Monday, October 21, 2013

Authority and Prosperity

In my jaundiced view of Janine Zacharia's article for yesterday's San Francisco Chronicle entitled "Silicon Valley innovation—can it save the country?," I suggested that the prosperity of Silicon Valley may owe more to its authoritarian culture than to the inflated apotheosis of innovation. I was particularly amused by the "Prosperous Silicon Valley," which placed the Gross Domestic Product (GDP) of Silicon Valley, taken as a "country" unto itself, with those of the leading nations of the world. It turned out that the second-ranking nation was Qatar, whose 2012 GDP was $104,756.

Ironically, Qatar made this morning's news. Al Jazeera English (which is based in Qatar) reported that the Court of Cassation had upheld the sentencing of poet Mohamed Rashid al-Ajami to fifteen years in prison. This was actually the result of a previous appeal, since the original sentence had been life.
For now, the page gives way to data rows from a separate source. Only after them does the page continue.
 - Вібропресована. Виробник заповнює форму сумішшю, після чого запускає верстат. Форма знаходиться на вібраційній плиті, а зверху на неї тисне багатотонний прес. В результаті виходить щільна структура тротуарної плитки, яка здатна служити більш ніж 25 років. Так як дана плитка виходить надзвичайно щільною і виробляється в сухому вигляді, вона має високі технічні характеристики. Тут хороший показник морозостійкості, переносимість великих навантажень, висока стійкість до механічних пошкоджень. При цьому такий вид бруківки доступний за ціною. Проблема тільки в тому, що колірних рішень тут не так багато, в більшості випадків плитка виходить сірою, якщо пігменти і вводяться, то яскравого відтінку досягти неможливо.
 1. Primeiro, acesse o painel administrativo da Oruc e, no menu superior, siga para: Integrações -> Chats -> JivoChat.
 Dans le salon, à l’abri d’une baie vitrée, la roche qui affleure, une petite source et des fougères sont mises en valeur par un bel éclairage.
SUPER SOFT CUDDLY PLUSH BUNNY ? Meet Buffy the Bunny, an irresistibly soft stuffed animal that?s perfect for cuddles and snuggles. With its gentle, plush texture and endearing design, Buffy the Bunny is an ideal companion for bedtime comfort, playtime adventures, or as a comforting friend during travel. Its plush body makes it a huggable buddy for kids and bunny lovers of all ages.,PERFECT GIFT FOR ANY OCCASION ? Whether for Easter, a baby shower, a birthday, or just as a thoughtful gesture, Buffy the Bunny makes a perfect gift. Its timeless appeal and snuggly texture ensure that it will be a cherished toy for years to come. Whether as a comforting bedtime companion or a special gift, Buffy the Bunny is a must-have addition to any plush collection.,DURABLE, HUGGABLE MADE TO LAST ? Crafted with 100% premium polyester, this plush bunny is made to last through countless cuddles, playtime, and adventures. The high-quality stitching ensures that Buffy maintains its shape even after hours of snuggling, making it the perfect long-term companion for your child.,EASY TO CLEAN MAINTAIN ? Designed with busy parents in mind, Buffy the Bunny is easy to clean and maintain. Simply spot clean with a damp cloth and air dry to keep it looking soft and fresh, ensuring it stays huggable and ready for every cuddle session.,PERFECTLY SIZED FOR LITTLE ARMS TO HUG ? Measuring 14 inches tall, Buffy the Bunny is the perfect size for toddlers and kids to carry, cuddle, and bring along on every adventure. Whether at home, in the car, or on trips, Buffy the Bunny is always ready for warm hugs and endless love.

The crime was "insulting the Emir of Qatar and spreading incendiary material." The evidence was a poem about the Arab Spring, which included the line:
I hope that change will come in countries whose ignorant leaders believe that glory lies in US forces.
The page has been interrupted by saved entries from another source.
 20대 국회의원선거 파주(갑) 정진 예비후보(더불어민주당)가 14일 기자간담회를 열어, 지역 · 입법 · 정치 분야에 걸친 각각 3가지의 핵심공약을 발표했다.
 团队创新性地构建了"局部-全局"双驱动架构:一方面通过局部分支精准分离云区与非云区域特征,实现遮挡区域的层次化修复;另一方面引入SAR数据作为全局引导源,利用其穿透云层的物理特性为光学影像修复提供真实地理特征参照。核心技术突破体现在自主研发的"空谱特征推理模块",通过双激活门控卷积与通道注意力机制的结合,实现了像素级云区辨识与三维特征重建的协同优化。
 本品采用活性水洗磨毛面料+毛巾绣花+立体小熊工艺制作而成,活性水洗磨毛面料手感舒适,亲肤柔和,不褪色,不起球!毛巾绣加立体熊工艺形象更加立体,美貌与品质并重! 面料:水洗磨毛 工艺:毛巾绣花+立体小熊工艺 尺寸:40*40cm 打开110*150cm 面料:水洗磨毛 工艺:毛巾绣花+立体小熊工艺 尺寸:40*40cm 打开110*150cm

I wish to call attention to how discreetly worded this text is as my own evidence of how easily authority can be provoked.
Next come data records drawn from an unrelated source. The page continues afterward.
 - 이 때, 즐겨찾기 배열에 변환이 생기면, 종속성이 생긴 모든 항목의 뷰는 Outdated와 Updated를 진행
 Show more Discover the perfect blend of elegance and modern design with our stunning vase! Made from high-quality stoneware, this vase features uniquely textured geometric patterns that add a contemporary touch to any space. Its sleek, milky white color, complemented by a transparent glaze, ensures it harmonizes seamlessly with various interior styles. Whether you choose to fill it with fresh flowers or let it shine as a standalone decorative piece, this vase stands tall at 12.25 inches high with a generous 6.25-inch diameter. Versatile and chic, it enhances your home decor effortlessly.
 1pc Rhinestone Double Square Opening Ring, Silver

We do not talk very much about poets in Silicon Valley. I suppose we assume that they have all been quarantined to the many institutions of higher learning. where their courses are attended by bored students out of the necessity of core requirements and their academic departments are in danger of being eliminated due to budget problems. All this reminds me of the poet Wilfred Owen, who fought in the First World War and died in battle exactly one week before the Armistice. His most famous line is:
All a poet can do today is warn.
The certainty of authority has no room for warnings. However, the corridors of power, whether in Qatar or Silicon Valley, are so well insulated from warnings that one has to wonder why there should be such a need to lock the poets away in prisons.